§ **SUPPLIED DATA**
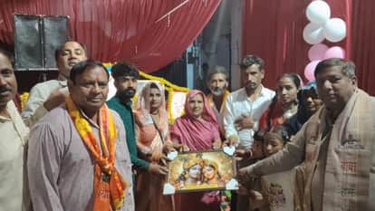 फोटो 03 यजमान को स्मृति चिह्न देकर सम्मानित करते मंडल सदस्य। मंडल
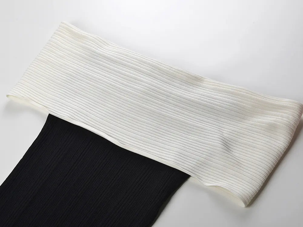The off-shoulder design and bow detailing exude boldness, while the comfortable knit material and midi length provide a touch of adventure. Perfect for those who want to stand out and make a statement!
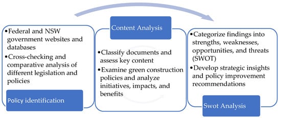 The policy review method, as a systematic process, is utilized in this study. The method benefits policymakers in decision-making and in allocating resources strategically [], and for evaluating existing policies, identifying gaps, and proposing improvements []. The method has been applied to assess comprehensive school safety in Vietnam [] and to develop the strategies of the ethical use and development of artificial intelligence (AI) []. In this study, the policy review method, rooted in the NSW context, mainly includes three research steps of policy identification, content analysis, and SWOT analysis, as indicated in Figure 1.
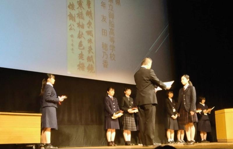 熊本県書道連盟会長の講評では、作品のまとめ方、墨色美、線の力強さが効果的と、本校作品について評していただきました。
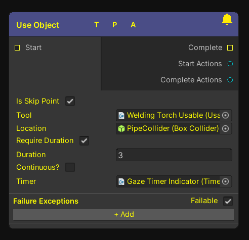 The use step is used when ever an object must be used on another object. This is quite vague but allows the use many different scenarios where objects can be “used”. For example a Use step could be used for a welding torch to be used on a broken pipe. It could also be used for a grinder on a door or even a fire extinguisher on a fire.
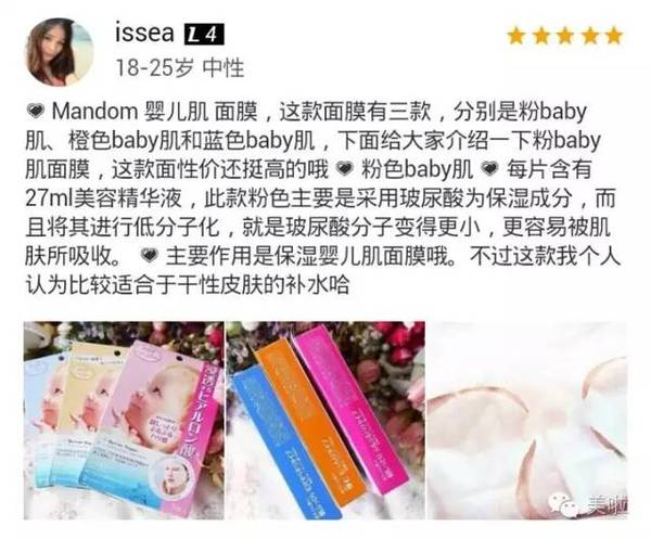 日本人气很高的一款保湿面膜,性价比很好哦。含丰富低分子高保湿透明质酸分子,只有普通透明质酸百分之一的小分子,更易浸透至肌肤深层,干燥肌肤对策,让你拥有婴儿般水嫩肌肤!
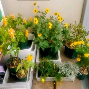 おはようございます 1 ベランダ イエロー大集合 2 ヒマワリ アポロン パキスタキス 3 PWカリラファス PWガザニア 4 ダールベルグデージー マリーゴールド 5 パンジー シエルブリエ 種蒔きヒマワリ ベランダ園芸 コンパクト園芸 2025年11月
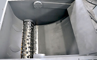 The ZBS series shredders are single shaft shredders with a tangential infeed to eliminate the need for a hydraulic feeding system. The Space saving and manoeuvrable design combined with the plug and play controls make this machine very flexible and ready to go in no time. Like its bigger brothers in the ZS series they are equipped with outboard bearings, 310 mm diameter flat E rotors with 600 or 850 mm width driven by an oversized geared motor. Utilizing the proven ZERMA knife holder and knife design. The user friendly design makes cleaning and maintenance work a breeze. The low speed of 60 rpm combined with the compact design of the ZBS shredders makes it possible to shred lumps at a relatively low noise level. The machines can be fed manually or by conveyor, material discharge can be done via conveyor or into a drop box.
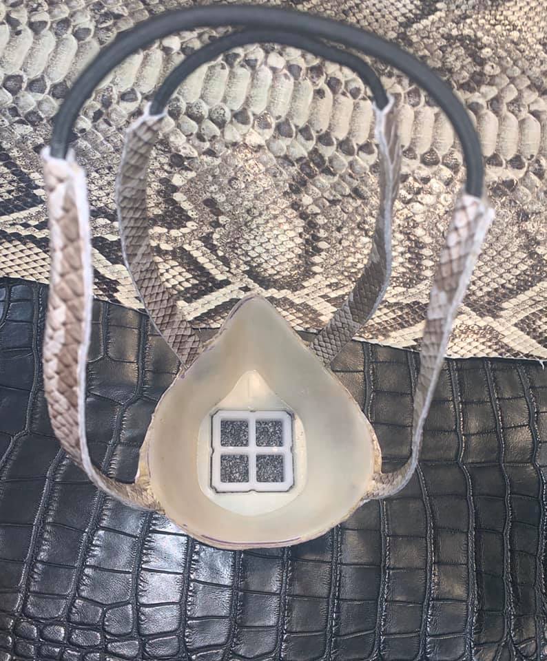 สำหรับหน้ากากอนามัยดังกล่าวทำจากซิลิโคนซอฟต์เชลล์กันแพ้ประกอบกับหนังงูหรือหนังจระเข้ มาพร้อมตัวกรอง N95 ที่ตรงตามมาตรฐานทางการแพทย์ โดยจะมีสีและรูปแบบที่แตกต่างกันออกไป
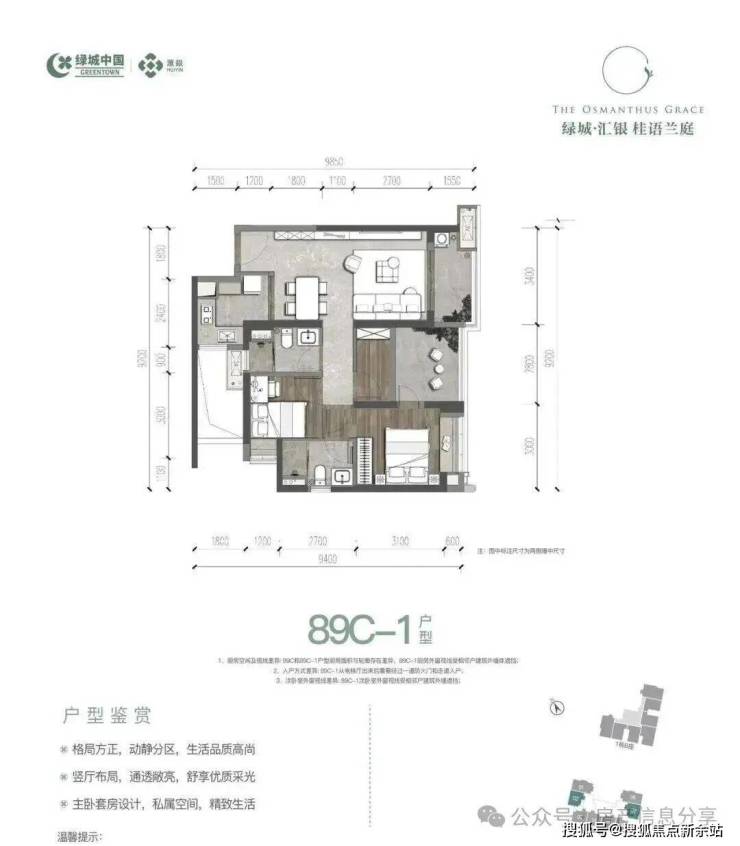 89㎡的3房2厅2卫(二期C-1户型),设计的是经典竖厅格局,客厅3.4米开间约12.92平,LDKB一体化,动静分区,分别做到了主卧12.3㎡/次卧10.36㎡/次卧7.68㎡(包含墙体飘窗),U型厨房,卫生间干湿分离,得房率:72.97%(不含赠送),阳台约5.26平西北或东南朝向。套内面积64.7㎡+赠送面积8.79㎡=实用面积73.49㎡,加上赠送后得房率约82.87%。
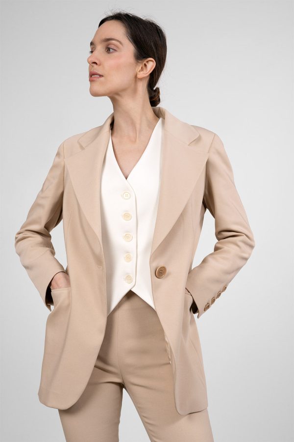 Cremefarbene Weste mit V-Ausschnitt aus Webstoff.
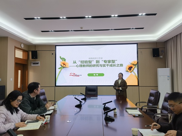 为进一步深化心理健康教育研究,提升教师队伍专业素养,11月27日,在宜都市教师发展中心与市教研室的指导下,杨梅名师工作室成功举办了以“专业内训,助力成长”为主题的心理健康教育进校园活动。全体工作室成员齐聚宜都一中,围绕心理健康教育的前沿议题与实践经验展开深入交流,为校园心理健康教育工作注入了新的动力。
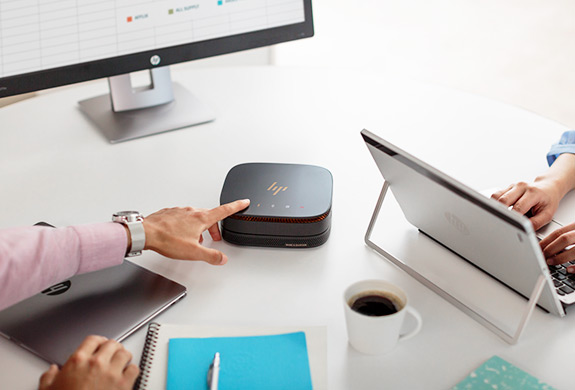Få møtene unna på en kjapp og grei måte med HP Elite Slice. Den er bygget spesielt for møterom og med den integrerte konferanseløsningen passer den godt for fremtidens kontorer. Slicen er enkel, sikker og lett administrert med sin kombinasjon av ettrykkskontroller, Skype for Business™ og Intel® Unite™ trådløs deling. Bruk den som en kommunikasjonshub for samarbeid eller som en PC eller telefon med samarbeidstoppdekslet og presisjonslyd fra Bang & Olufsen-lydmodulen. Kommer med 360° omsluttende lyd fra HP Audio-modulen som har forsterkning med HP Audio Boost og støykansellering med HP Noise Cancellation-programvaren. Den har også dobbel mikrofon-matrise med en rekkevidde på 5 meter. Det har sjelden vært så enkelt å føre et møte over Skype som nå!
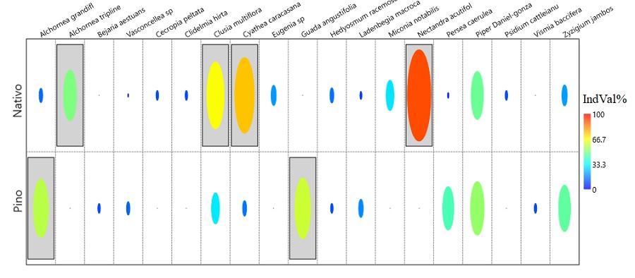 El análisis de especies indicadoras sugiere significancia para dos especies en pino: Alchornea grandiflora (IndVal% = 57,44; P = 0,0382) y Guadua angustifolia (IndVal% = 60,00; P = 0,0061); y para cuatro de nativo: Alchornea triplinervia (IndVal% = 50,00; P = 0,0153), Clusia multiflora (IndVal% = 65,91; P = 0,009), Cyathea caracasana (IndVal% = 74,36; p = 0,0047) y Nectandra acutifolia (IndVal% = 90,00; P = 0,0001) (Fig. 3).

---

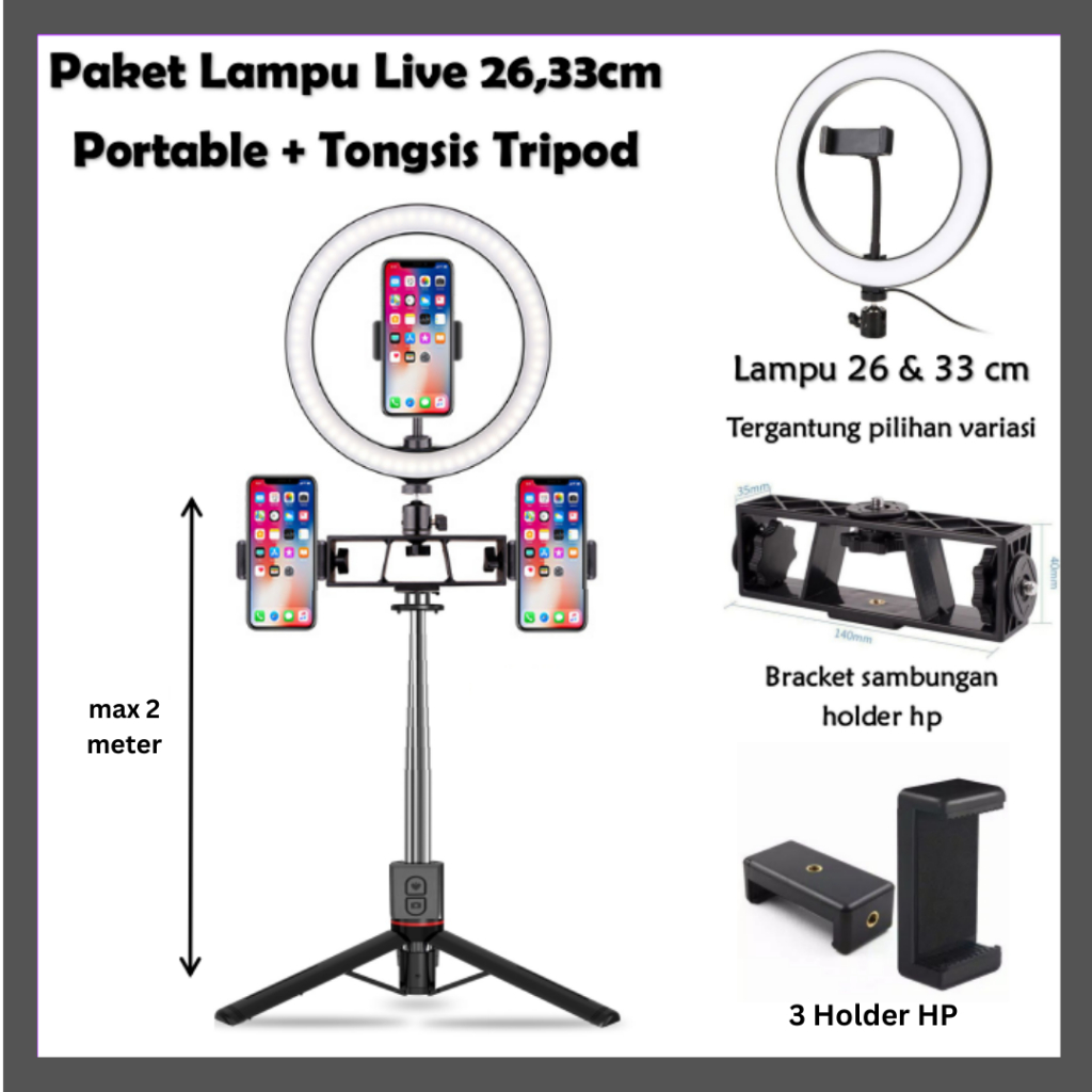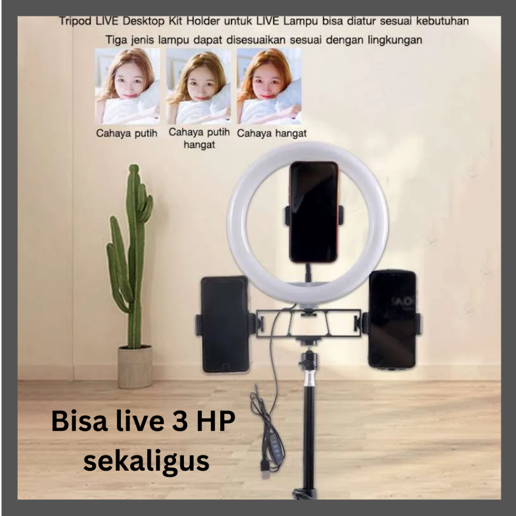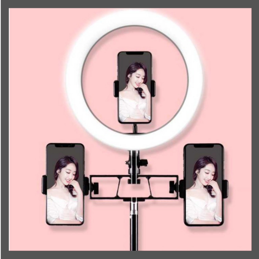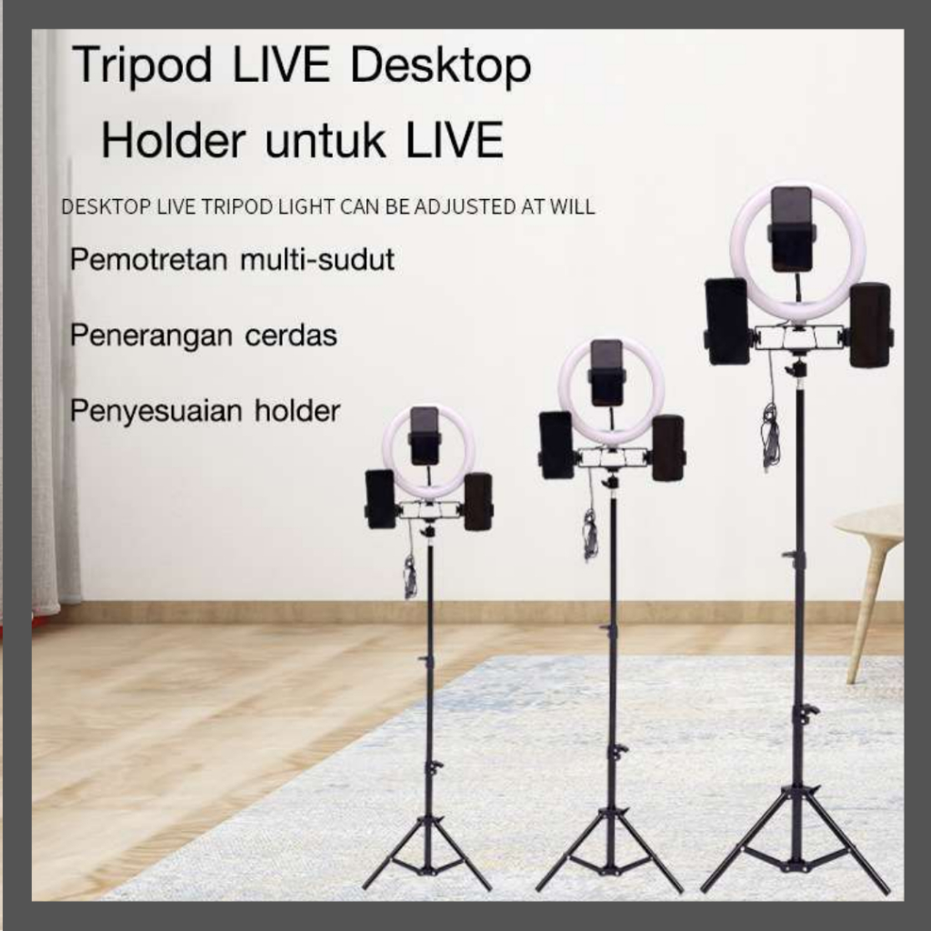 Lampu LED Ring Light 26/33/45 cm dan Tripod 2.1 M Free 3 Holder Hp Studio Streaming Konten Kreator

§ **PROBLEM DESCRIPTION**
Give the lines above again exactly, from the one containing "Cremefarbene Weste mit" to the one containing "为进一步深化心理健康教育研究", both included, but leave out the pictures.

§ **REPLY**
 Cremefarbene Weste mit V-Ausschnitt aus Webstoff.
 为进一步深化心理健康教育研究,提升教师队伍专业素养,11月27日,在宜都市教师发展中心与市教研室的指导下,杨梅名师工作室成功举办了以“专业内训,助力成长”为主题的心理健康教育进校园活动。全体工作室成员齐聚宜都一中,围绕心理健康教育的前沿议题与实践经验展开深入交流,为校园心理健康教育工作注入了新的动力。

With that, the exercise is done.